Gibbs hired a Cessna aircraft from David Howitt, the manager of the Glenforsa Hotel. The plane was a Cessna F150H, registration mark G-AVTN, painted red and white. The Cessna had been owned by Ian Hamilton since September 1975 and was kept at North Connel airport near Oban. Gibbs' private pilot's licence had expired but he told the owner of the plane that he had left his licence behind.

On the morning of 24 December 1975, Gibbs and Grainger flew from Mull to Broadford on the Isle of Skye to spend the day viewing properties. They flew back to Mull and had a dinner at the hotel that included whisky and red wine. They had just finished dinner at the Glenforsa Hotel when Gibbs decided to take a solo flight. Gibbs borrowed two powerful torches to use as landing lights for Grainger to use to guide him in.

Some guests present stated that they thought they saw two people moving torches on the runway. Others observed that Gibbs appeared to have spent an unusually long time warming up the plane's engine. Gibbs was observed to turn the plane lights off, then on, then off again. He then took off from the unlit airfield on a moonless night and, after the plane disappeared behind a line of trees, he was never seen alive again. Hotel guests realised that Gibbs was intent on making a circuit and rushed upstairs to the bar to watch the landing as the airfield was almost never used at night. The guests turned the lights off in the bar to reduce internal reflections on the glass and get better view of the night flight. Grainger stood at the end of the runway holding the torches.

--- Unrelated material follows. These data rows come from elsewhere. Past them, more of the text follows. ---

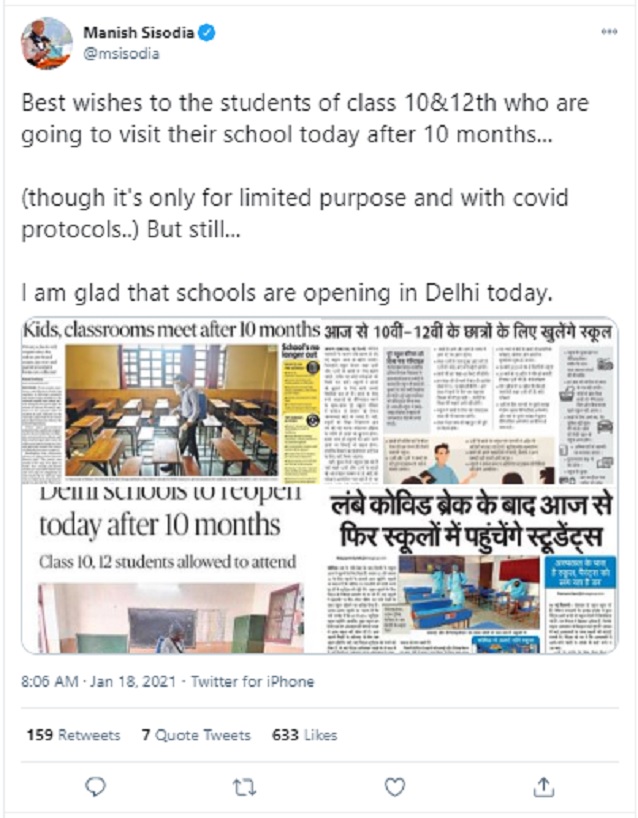 Delhi's Deputy Chief Minister and Education Minister Manish Sisodia also extended his wishes to the students. "Best wishes to the students of class 10&12th who are going to visit their school today after 10 months... (though it's only for a limited purpose and with covid protocols..) But still... I am glad that schools are opening in Delhi today," Sisodia tweeted.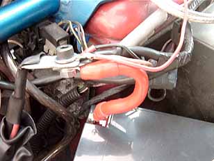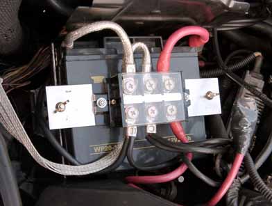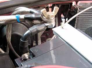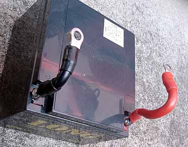 バッテリーの端子は平端子なのでそのままでは接続が出来ないので、短い22スケアのケーブルで端子を出しました。
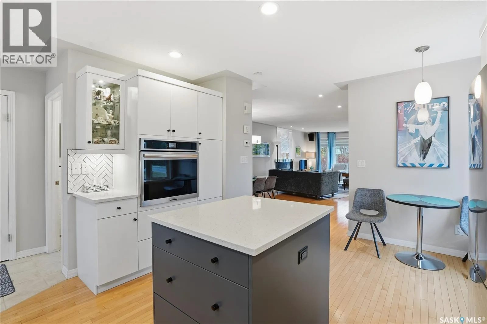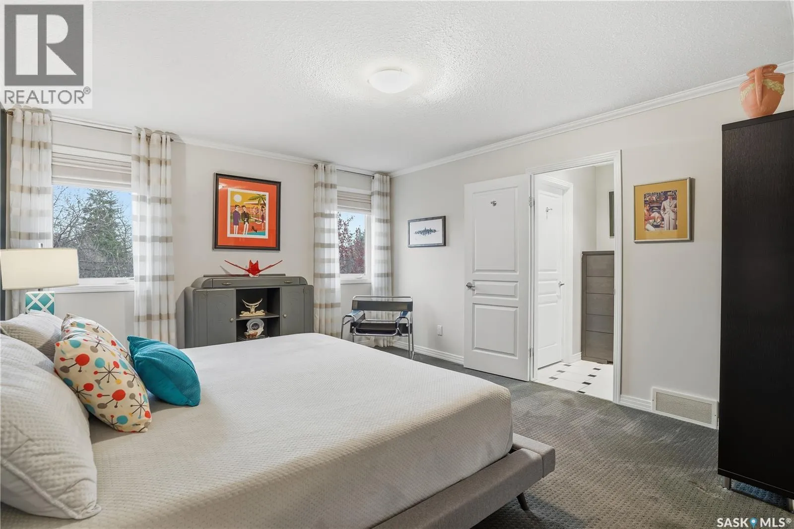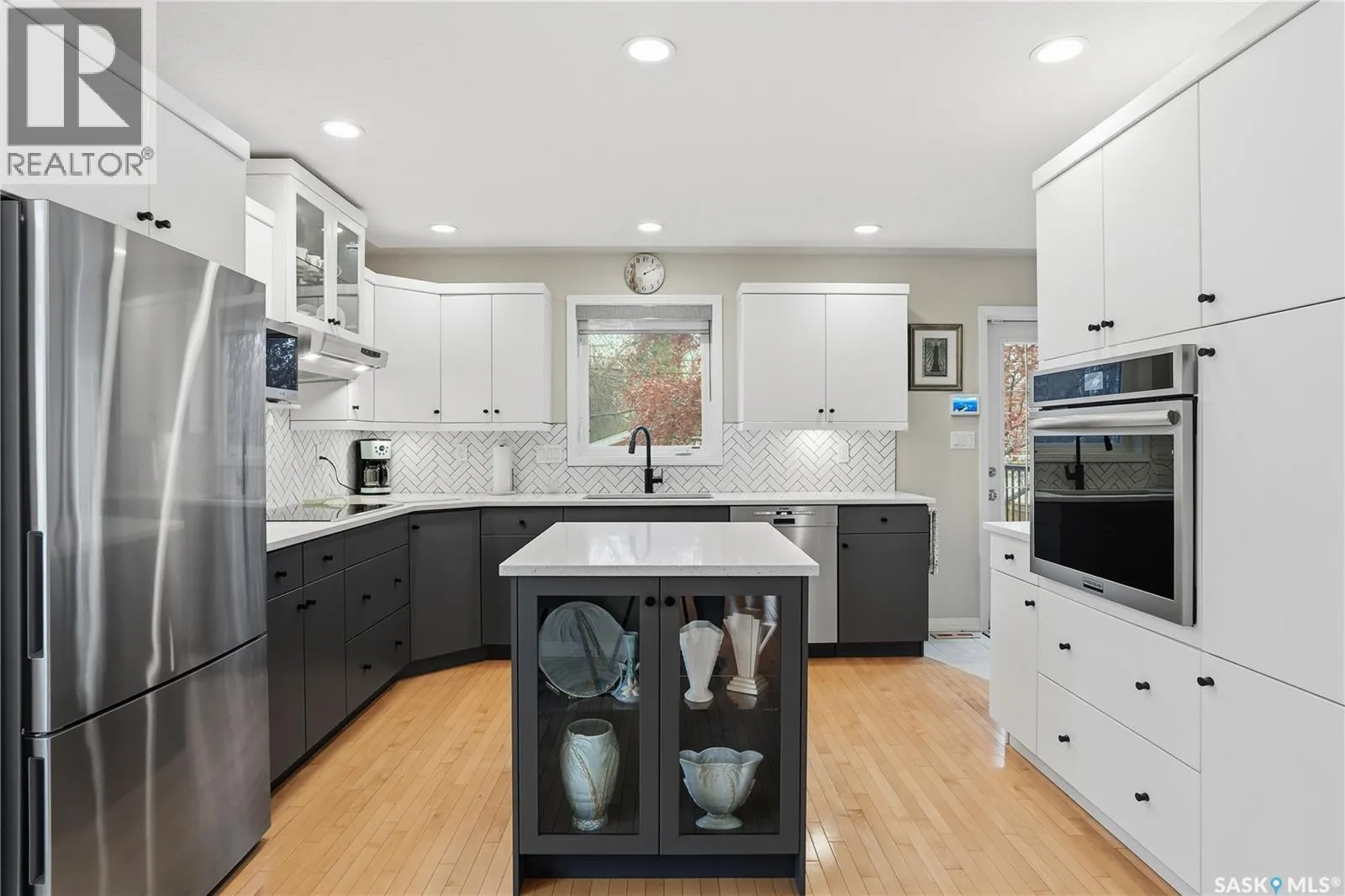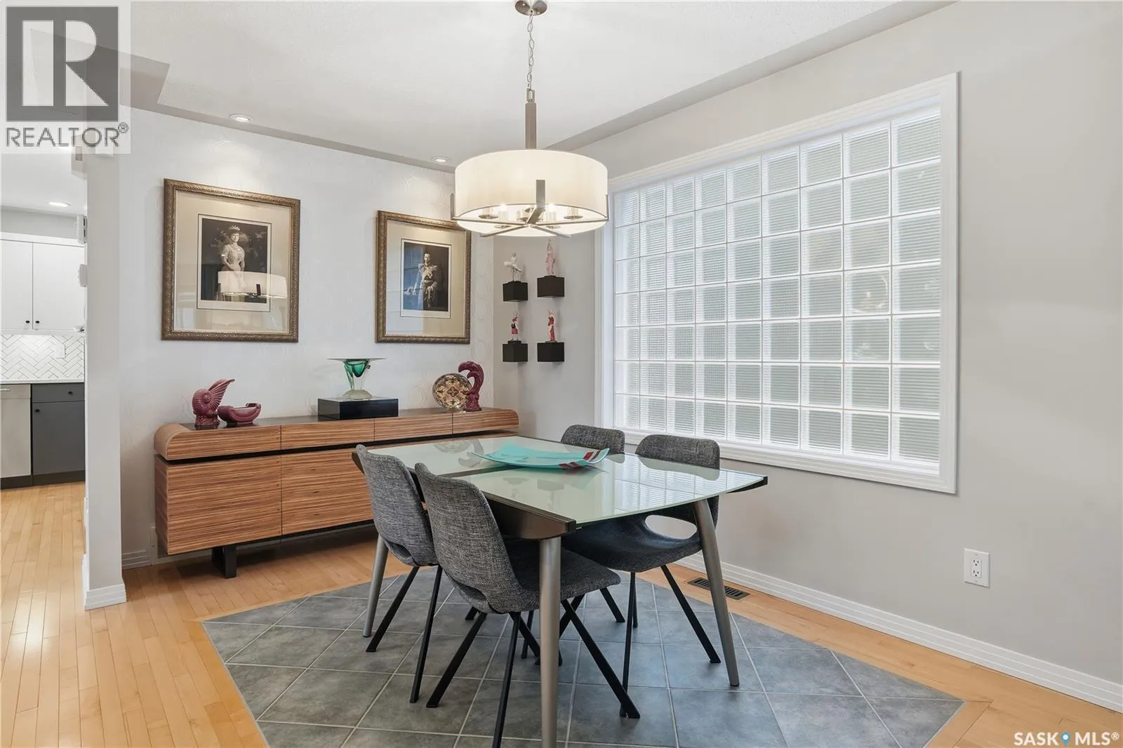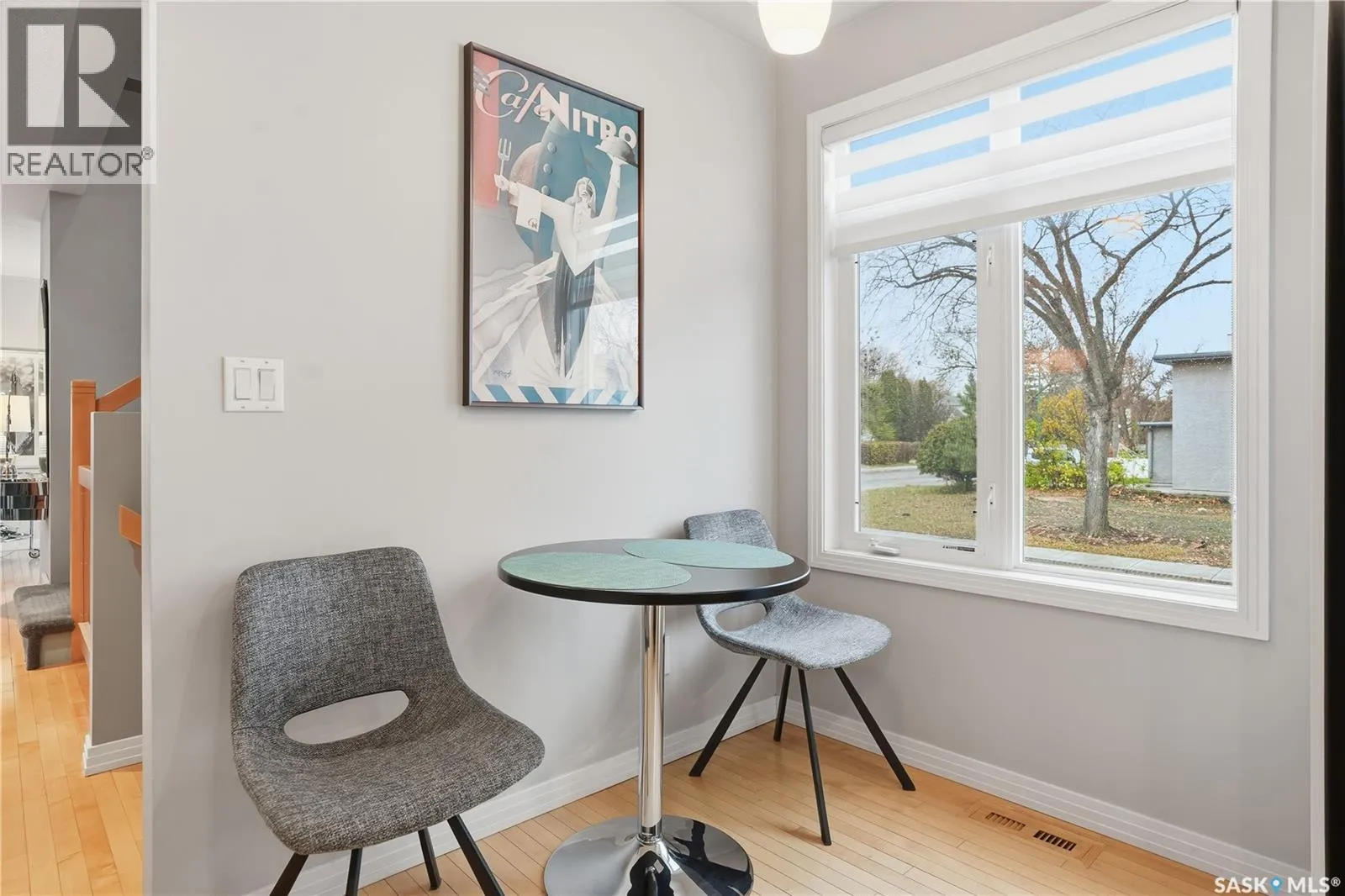 Welcome to 2576 Cameron Street. This charming 2 story is located in the desirable Crescents Neighbourhood. Immediately you will notice the attractive curb appeal with a large front and side yard that has been beautifully landscaped. Custom Ripplinger build distinguished by meticulous attention to detail, tastefully decorated and offering 1588 square feet of living space. As you enter you will be greeted by the large foyer and open concept living space. Large windows allow for an abundance of natural light. Living room features maple hardwood flooring that continues throughout the main level, lovely drapery which is included, and a gas fireplace with marble surround and custom plaster feature wall. Living room speakers can also stay if the buyer so chooses. The spacious dining room boasts a ceramic tile floor inlay and back lighting accenting the glass block wall. The kitchen is a chefâs dream with plenty of counter space, two tone custom cabinets, herringbone pattern subway tile backsplash, and stainless steel appliances which are included. Off the kitchen you will find a 2 piece bathroom and entry to the backyard with a large tiered deck and 2 car detached garage with lane access. Primary bedroom can be found upstairs with direct access to walk in closet and the large 5 piece bathroom featuring a jacuzzi tub, a glass block shower and in floor heating. 2 more bedrooms and laundry complete the second level. The basement is the perfect entertaining space with a media room which includes the projector and screen along with surround sound system. Large storage/ utility space with additional fridge and freezer that are both included. This property is conveniently located close to Downtown, The Royal Saskatchewan Museum, Wascana Park and mere steps from green space. Additional features include: shingles 2022, furnace 2016, central air conditioning, roughed in plumbing in basement, and roughed in natural gas hook up. (id:27476)

After ten minutes Howitt began to worry, fearing that the Cessna had ditched, and went to try to find it. He drove the hotel's Ford Cortina through the driving sleet to try to find Gibbs. Howitt dipped the car's headlights to illuminate the water but no trace of the plane was seen. An organised search was mounted, but no trace of Gibbs or the plane was found. The search was described as huge and extended over the Christmas holiday.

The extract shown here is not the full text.